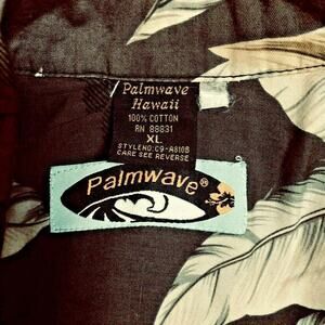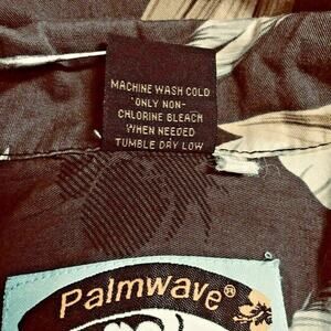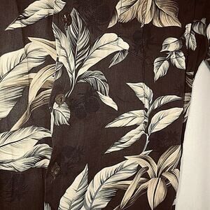 XL Palmwave Mens Hawaiian Button Front Shirt Brown Palm Leaves Pineapple Cotton
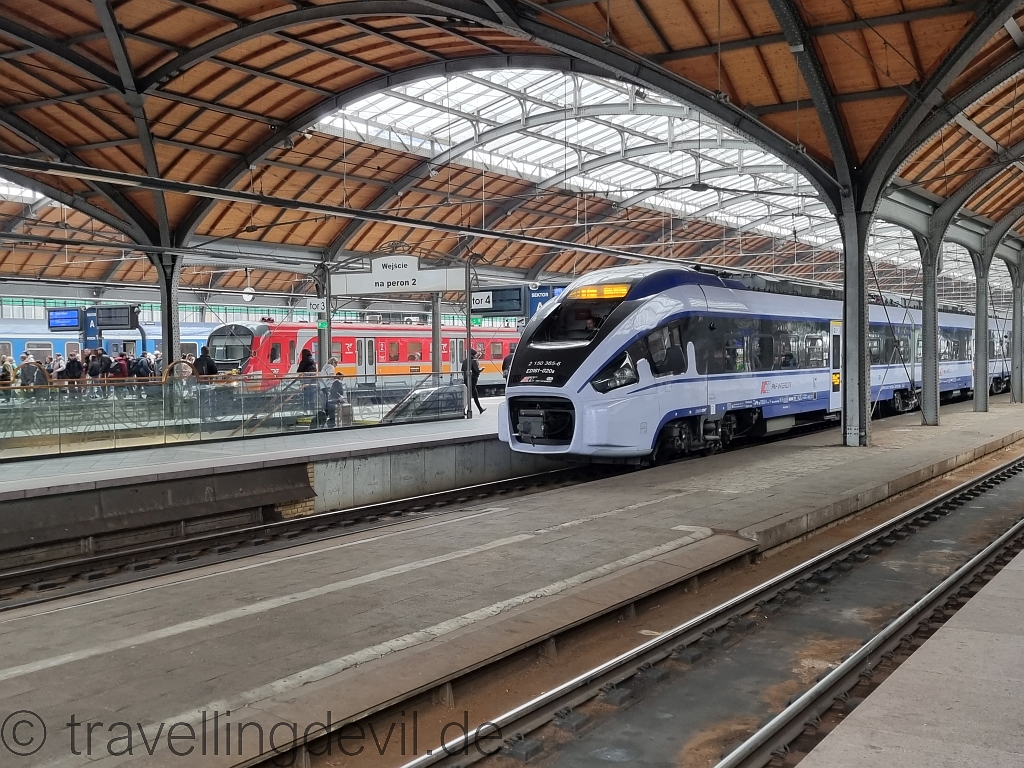 Und dann kam unser Zug, pünktlich auf die Minute. Was in Polen, genau wie Deutschland, nicht selbstverständlich ist, denn die Züge legen oft enorme Strecken zurück. Durch großzügige Aufenthaltszeiten an Knotenpunkten kann man aber recht gut eine Verspätung wettmachen.
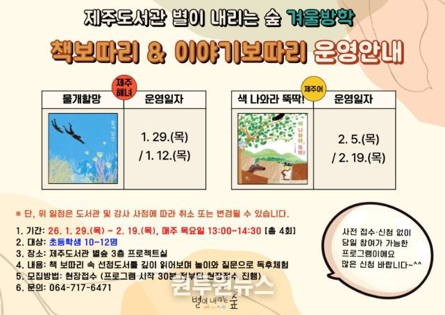 (원투원뉴스) 제주도교육청 제주도서관은 29일부터 2월 19일까지 제주도서관에서 겨울방학 동안 어린이들이 제주 문화를 깊이 있게 이해하고 독서의 즐거움을 느낄 수 있도록 체험형 독서 프로그램 ‘겨울방학 책 보따리&이야기 보따리’를 운영한다.
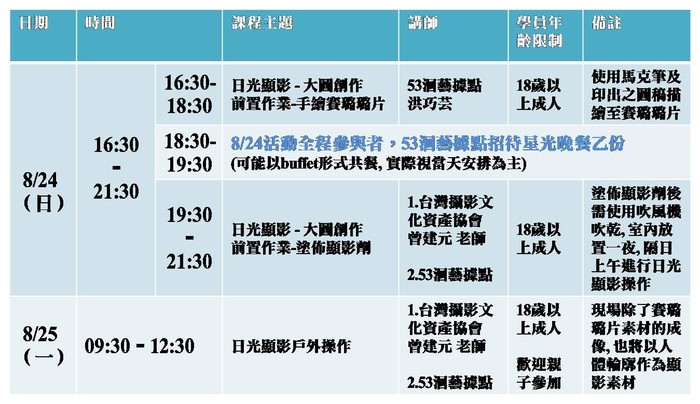 8/24-25日光顯影 53洄藝據點 --閱讀人次 : 1227 《日光顯影。體驗班》開始報名囉!
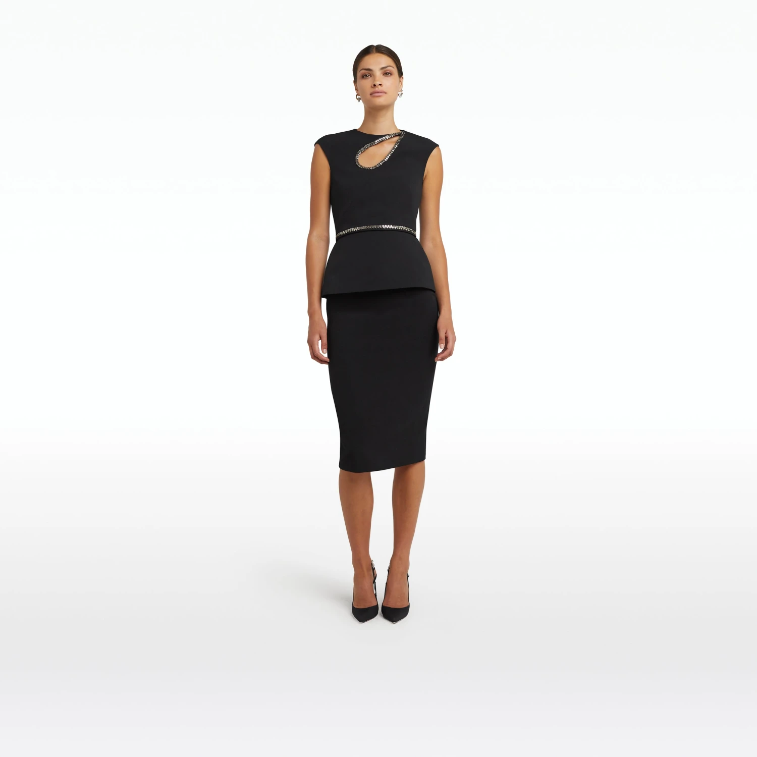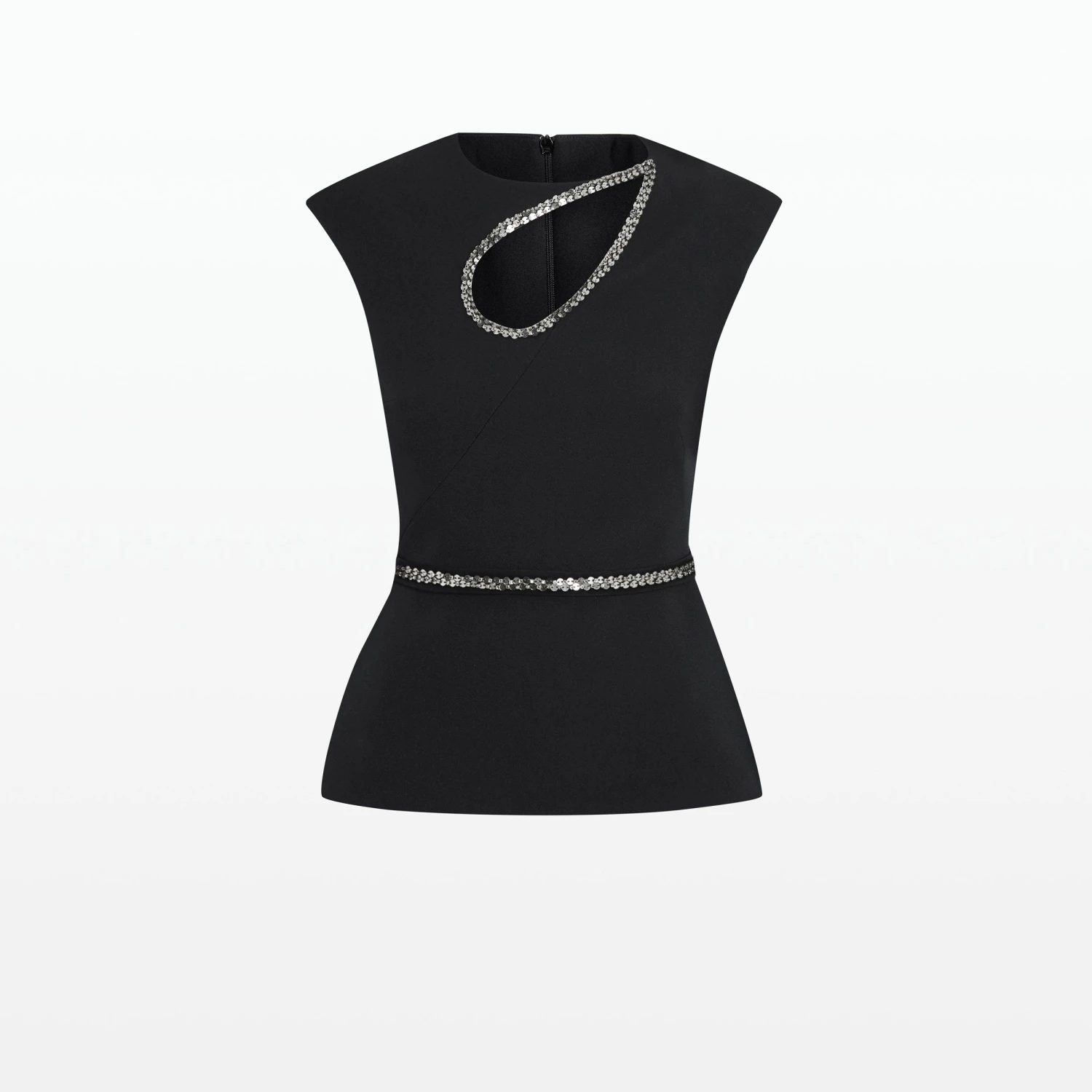 Cap sleeved top with simple peplum and cut out neckline with seam detailing in black Heavy Crepe and gunmetal Mirror Disc embroidery.

_WHAT THIS TASK INVOLVES:_
Only the lines from the one containing "8/24-25日光顯影 53洄藝據點 --閱讀人次" through the last line of the entries above belong in the copy; reproduce them exactly and drop every picture.

_ANSWER TO THIS EXERCISE:_
 8/24-25日光顯影 53洄藝據點 --閱讀人次 : 1227 《日光顯影。體驗班》開始報名囉!
 Cap sleeved top with simple peplum and cut out neckline with seam detailing in black Heavy Crepe and gunmetal Mirror Disc embroidery.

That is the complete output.